I'm just thinking out loud... For now, running Giant 3.0 with DC+P while grooving a few DFSQ before each session. This thread has been an invaluable resource to me so far; thank you to everyone who has contributed!
 
The Giant programming for sure works. I retested my max with 24kg recently and went from 7 rep to 10 rep max in about a month. I will stay with 3.0 for awhile then retest with my 28kg. Just using single bell version.
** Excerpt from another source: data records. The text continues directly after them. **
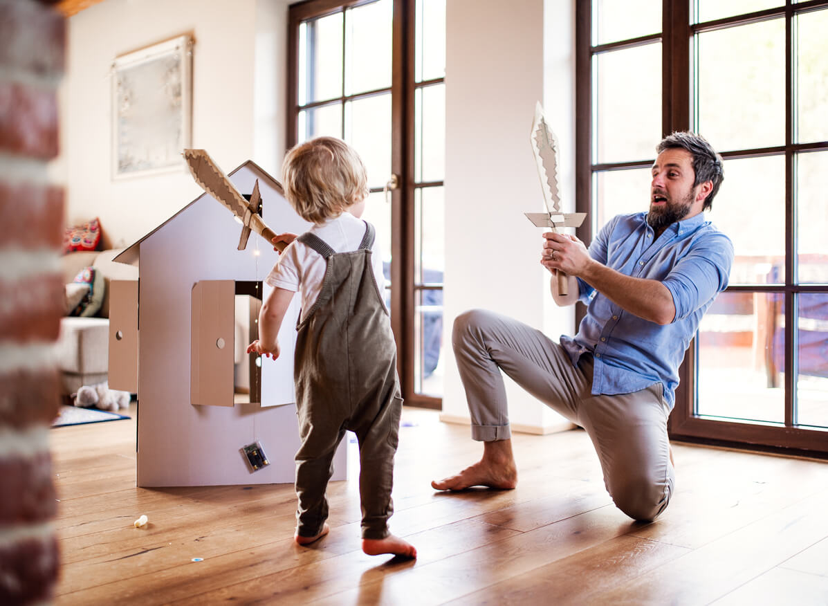 - Laissez-les utiliser des jouets qui ne font pas mal, comme les suivants : coussins, épées en carton ou boucliers en carton. Une autre chose que nous pouvons prendre en compte est qu’ils jouent sur un tapis.
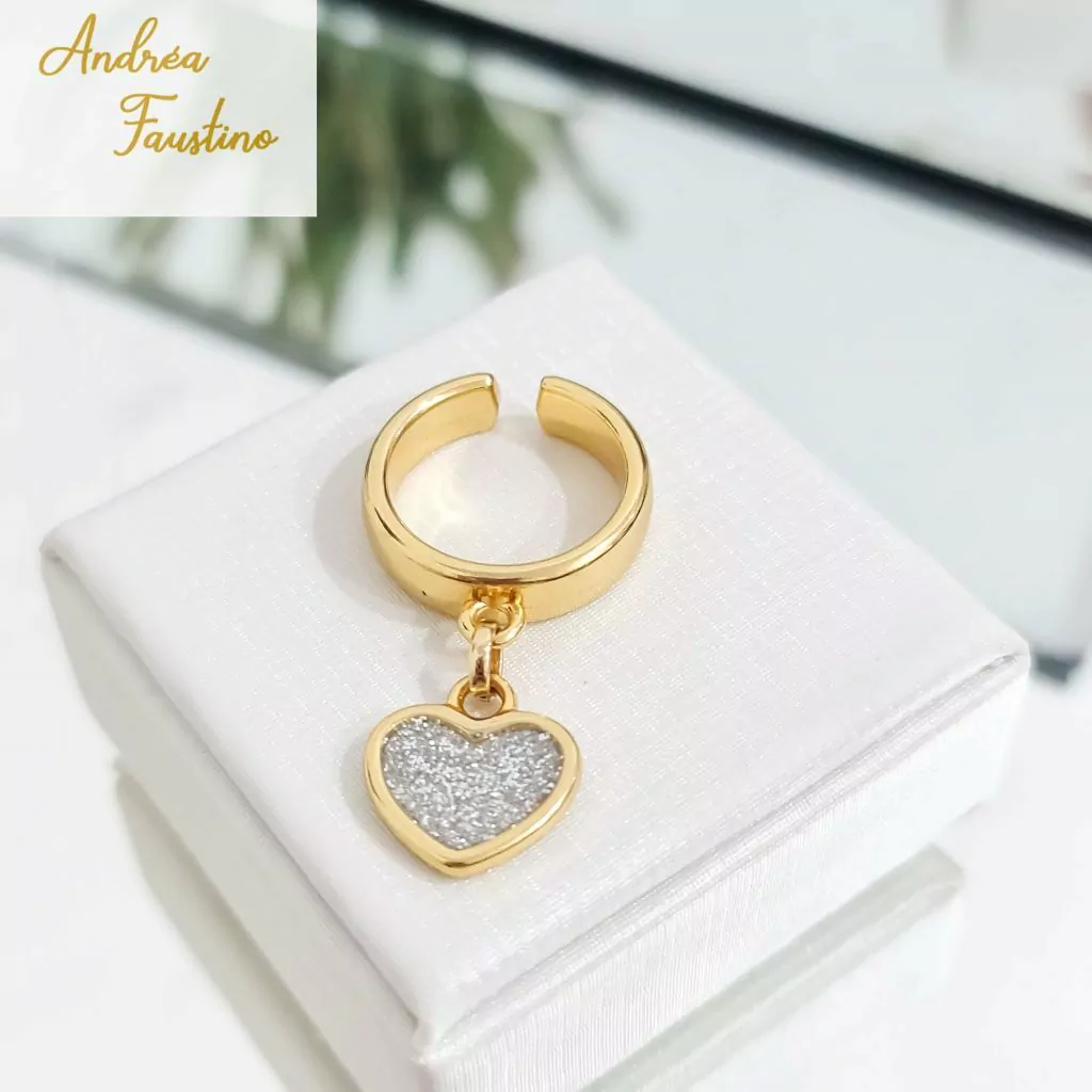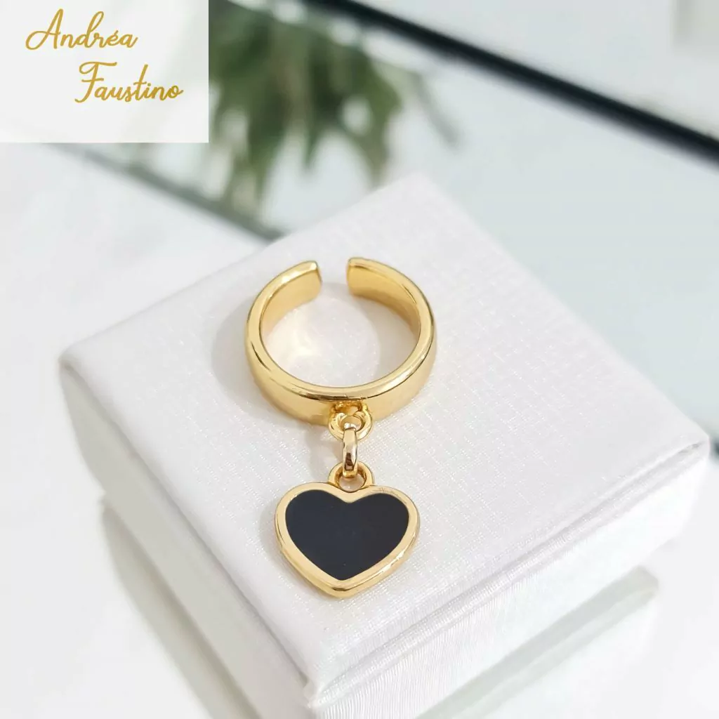 Apresentamos um elegante anel dourado regulável, que destaca um encantador pingente de coração. Você pode escolher entre as opções de coração preto, branco ou prata gliterinado, permitindo que você personalize a peça de acordo com seu estilo.
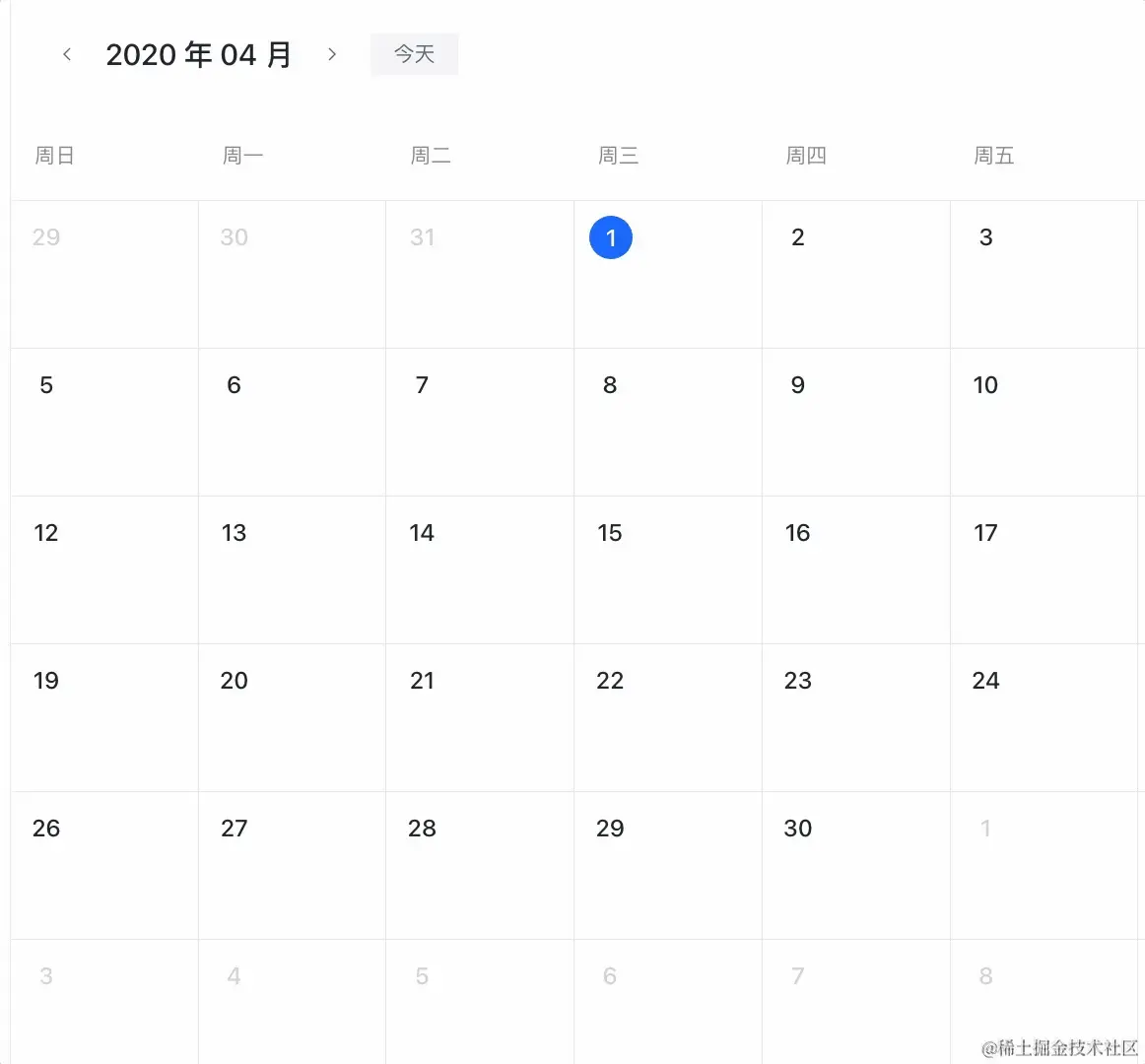 接下来就是日期渲染了,日期渲染就是拿到第一天的日期,计算是星期几,然后把前面空余的数据填补成上个月的末尾日期,后面超出的数据填补成下个月月初日期
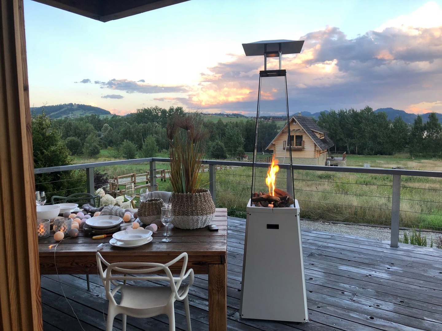 Дизайн обігрівача надзвичайно елегантний і є цікавою, привабливою прикрасою. Привабливий зовнішній вигляд і приємне тепло гарантують, що весняними, літніми та осінніми вечорами сади та тераси в будинках або ресторанах завжди будуть повні гостей.
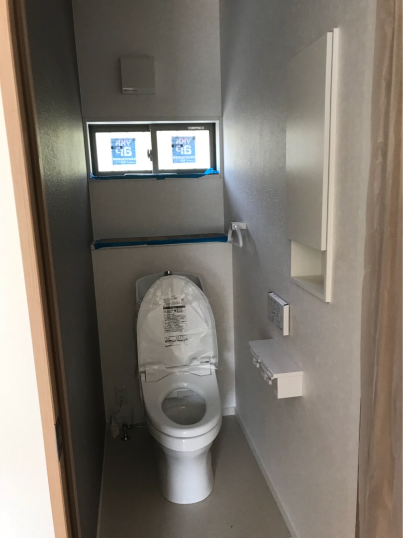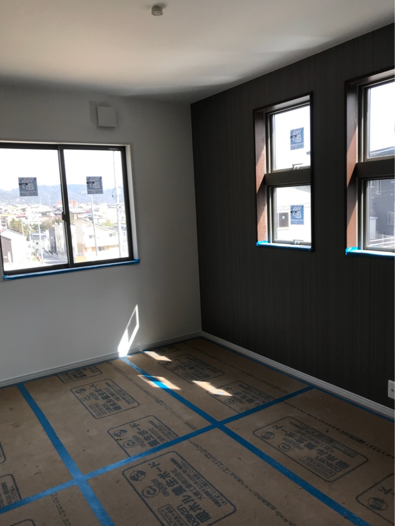 投稿日: 2018年3月29日現場進捗状況(^^) 呉市 焼山北M様邸の現場風景です 内部では、照明器具の取り付け、設備器具の取り付けが終わりました リビングには、明るい日差しが差し込むように大きな窓を設けました トイレは、白を基調とした清潔感のある仕上がりにすると同時に、一面だけクロスをアクセントとしました 二階の部屋も、クロスに合わせて窓枠を茶色にするなど、細部にこだわりのある仕上がりになりました 工事が全て終わると、美装工事を行い床や窓の養生を取り払って完成した内部がご覧に頂けます お楽しみに〜
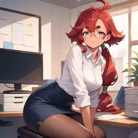 Asticassia school uniform : suletta mercury, asticassia school uniform, dark skin, red hair, long hair, low ponytail, black hairband, ahoge, blue eyes, thick eyebrows, white jacket, long sleeves, yellow necktie, shoulder boards, white shorts,
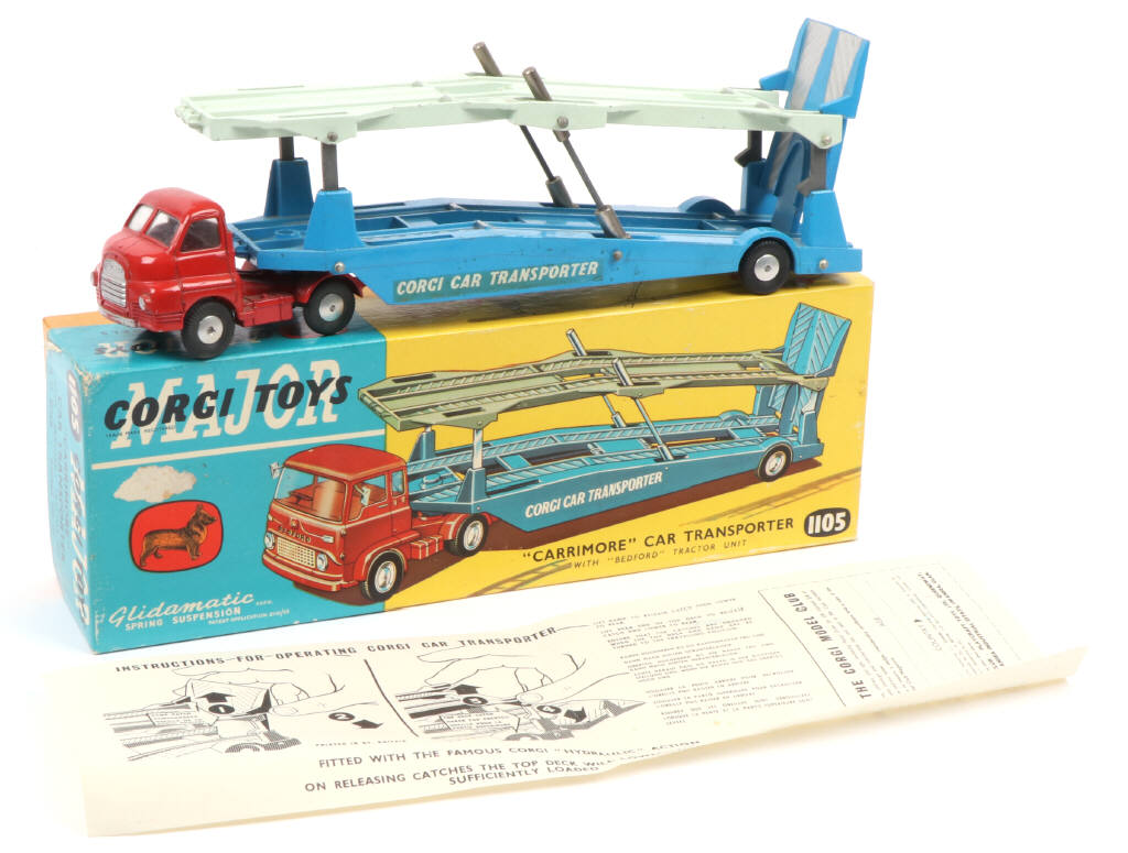 CORGI TOYS (GB) 1105 BEDFORD TK Semi-remorque porte-autos rouge, bleu & vert d'eau
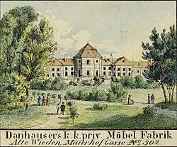 V roce 1804 také založil továrnu na nábytek v Černínském paláci ve Vídni. Již v roce 1808 měl přes 150 zaměstnanců a vlastnil sklad v Budapešti.[4] Vyráběl se zde nejen nábytek ale i např. tapety, čalounění, závěsy a jiné bytové doplňky. Vše bylo vyrobeno podle Danhauserových návrhů. Těch se do dnešní doby dochovalo přes 2500 nejrozmanitějších kusů. Mezi nimi jsou návrhy skříní, knihoven, komod, sekretářů, nočních stolků, pohovek, plivátek, křesel, taburetů, podnožek, stojanů na dýmky, stojanů na housle, postelí, bidetů, lustrů a mnohé další. Tyto kresby jsou dnes shromážděny v Muzeu užitých umění ve Vídni.[4]
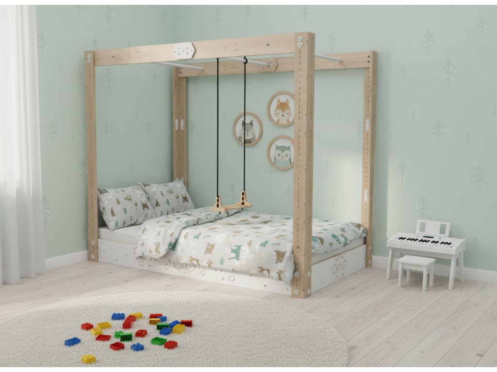 Díky variabilitě rostoucí postele MANU a její kompatibilitě s pohybovou stavebnicí FABER vytvoříte z postele bezpečný prostor pro trénink hrubé motoriky a rozvoj fyzické kondice vašich dětí, a to přímo doma v jejich pokojíku. Variant je nespočet, a záleží jen na vás, jakými doplňky postel osadíte.
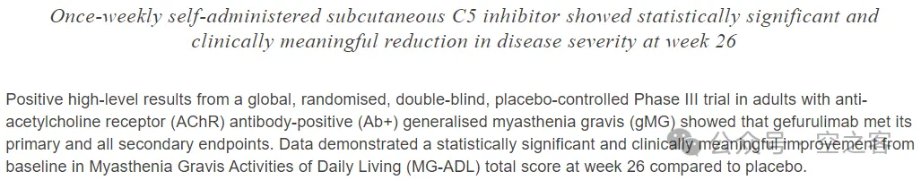当年“冤大头”式收购Alexion得到的C5单抗Gefurulimab,总算也在上述前两代C5日渐式微的情况下,又让这笔收购巨款听了个响儿。在治疗AChR抗体阳性的gMG三期临床PREVAIL试验中,Gefurulimab达到所有主要和次要终点,其中26周时MG-ADL评分较基线得到显著改善。不过以当前gMG这种卷的程度(各路CAR-T、TCE、FcRn、APRIL/BAFF都在玩命招呼),C5到底能争下多少份额还有待观察。
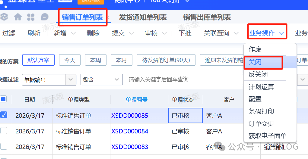 審核完退貨單之后回到【銷售訂單列表】將訂單進行關閉,重新下一張新的訂單,選擇正確的客戶走流程。
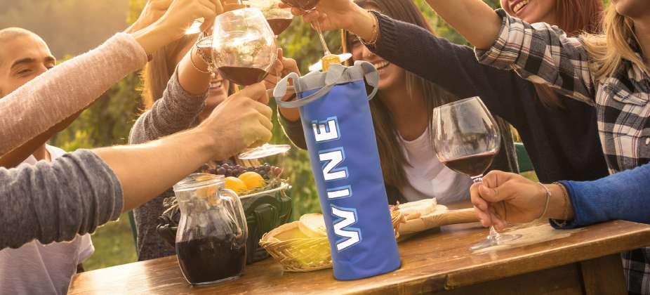 The Napa wine tote is designed to fit both wide champagne bottles and tall Riesling bottles. It is made with waterproof vinyl material that is insulated to keep your drinks cold and keep the ice cubes inside the tote.
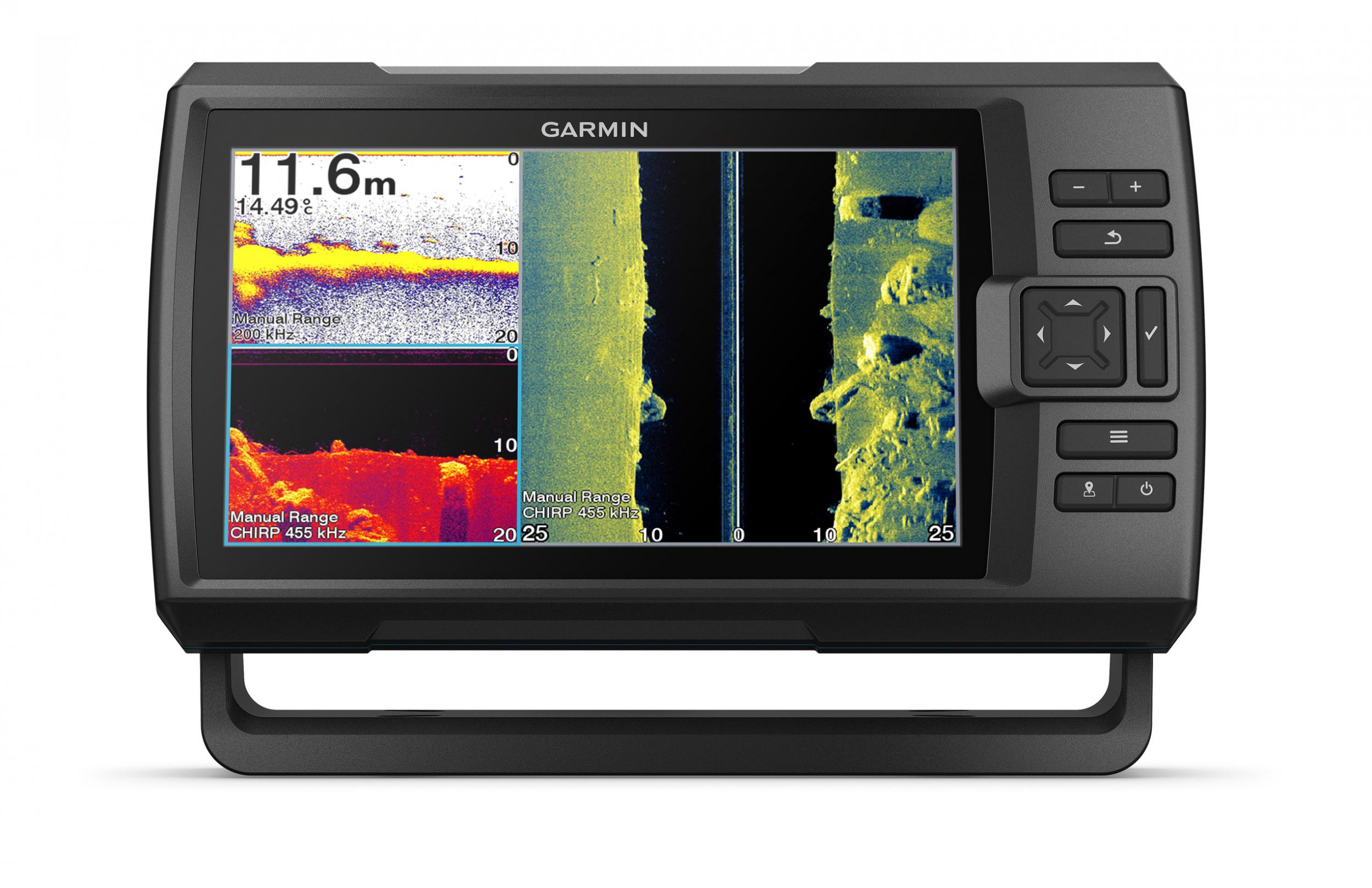 Mit dem mitgelieferten GT 52- Geber erhalten Sie das traditionelle Garmin CHIRP-Sonar, das CHIRP ClearVü-Scansonar zur Darstellung der Bodenstruktur und das CHIRP SideVü-Sonar für die seitliche Ansicht.
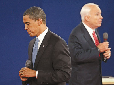 美國總統候選人第2場辯論在當地時間前晚(香港時間昨早)進行,在金融海嘯蔓延全球之際,經濟成為主要議題,民主黨的奧巴馬和共和黨的麥凱恩就如何應對金融危機展開唇槍舌劍。奧巴馬炮轟麥凱恩支持布什政府過去8年放寬對金融業的監管,導致經濟一敗塗地。民意落後的麥凱恩則積極反擊,指奧巴馬曾收取「兩房」巨額捐款。另外,奧麥兩人都同意「股神」巴菲特可能成為財長。
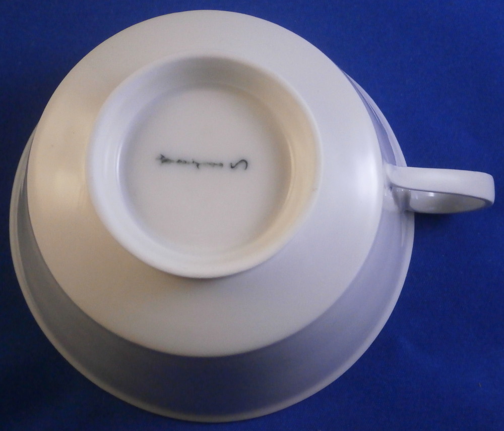 This is a tea cup from the Arkadia / Arcadia series made by KPM in the mid 20th century. A really nice shape - sleek and modern. The piece is in perfect condition. It is marked underneath with the under glaze blue scepter mark with the letter S for the Selb location under that as shown. These were from around 1950 right around the end of the war. The cup is 2.125 inches tall with a diameter of 3.875 inches. The teacup is in perfect condition. I have a few of these pieces so if you need more than one just let me know and we'll figure it out from there! Please email me for more information or other pictures.
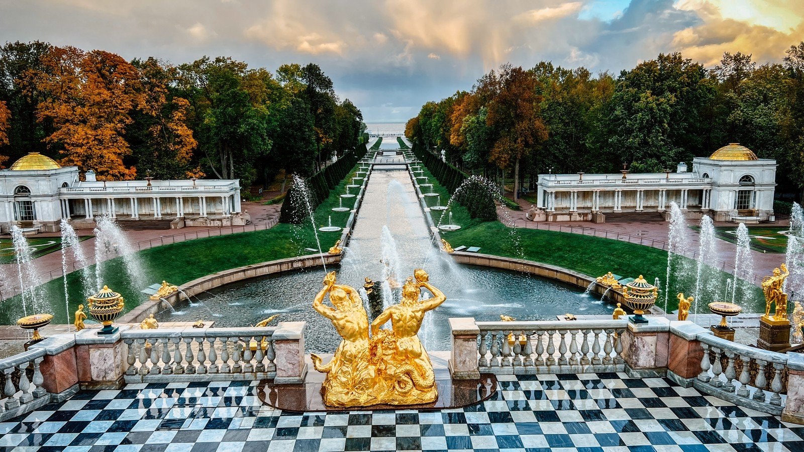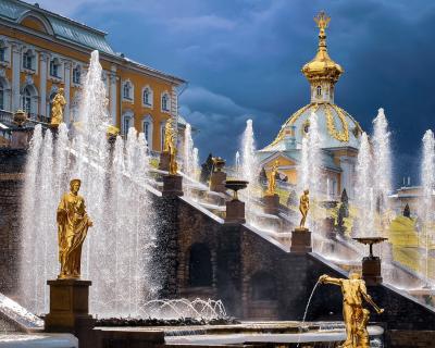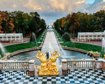 Жемчужины русского Версаля. Вы спуститесь по лестнице вдоль Большого каскада и увидите знаменитые фонтаны: «Самсона» и «Фаворитку», «Шахматную гору» и «Римские фонтаны», «Солнце» и «Раковину», «Адама и Еву», «Пирамиду», «Золотую гору» и другие.
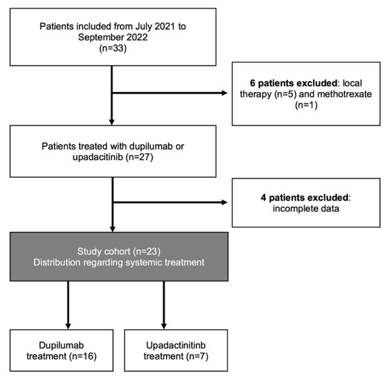 In this prospective, open-label, non-interventional, monocentric study, children and adolescents aged 6 to 17 years suffering from moderate-to-severe atopic dermatitis were included. Data collection was performed from July 2021 to September 2022 at the Department of Dermatology, Venereology and Allergology, University Hospital Frankfurt, Germany. The treatment strategy was chosen in clinical routine independently of study participation. The patients and their parents were informed about the possibility of participating in this prospective study only after the treatment decision was made. A total of 33 patients were enrolled. Twenty patients received therapy with dupilumab, seven patients were treated with upadacitinib, five patients were treated with only a topical therapy and one patient was treated with methotrexate. In the present work, the data of those patients who received either dupilumab or upadacitinib are analyzed (n = 27). Four patients were excluded due to an incomplete data set (Figure 1).

Nice!! I am almost finished a block of 3.1. Excited to test my RM, started with a 7RM so I'm hoping to get a 10 RM in order to start 1.0 using double 20's. Seeing results in physique already, my wife has commented how much bigger my legs and arms look!
 
Nice!! I am almost finished a block of 3.1. Excited to test my RM, started with a 7RM so I'm hoping to get a 10 RM in order to start 1.0 using double 20's. Seeing results in physique already, my wife has commented how much bigger my legs and arms look!
What is 3.1?
 
Funny I just had 4 or 5 days off due to some neck pain. Also had a stiff and sore lower back. Did a session yesterday and woke up with back pain gone!!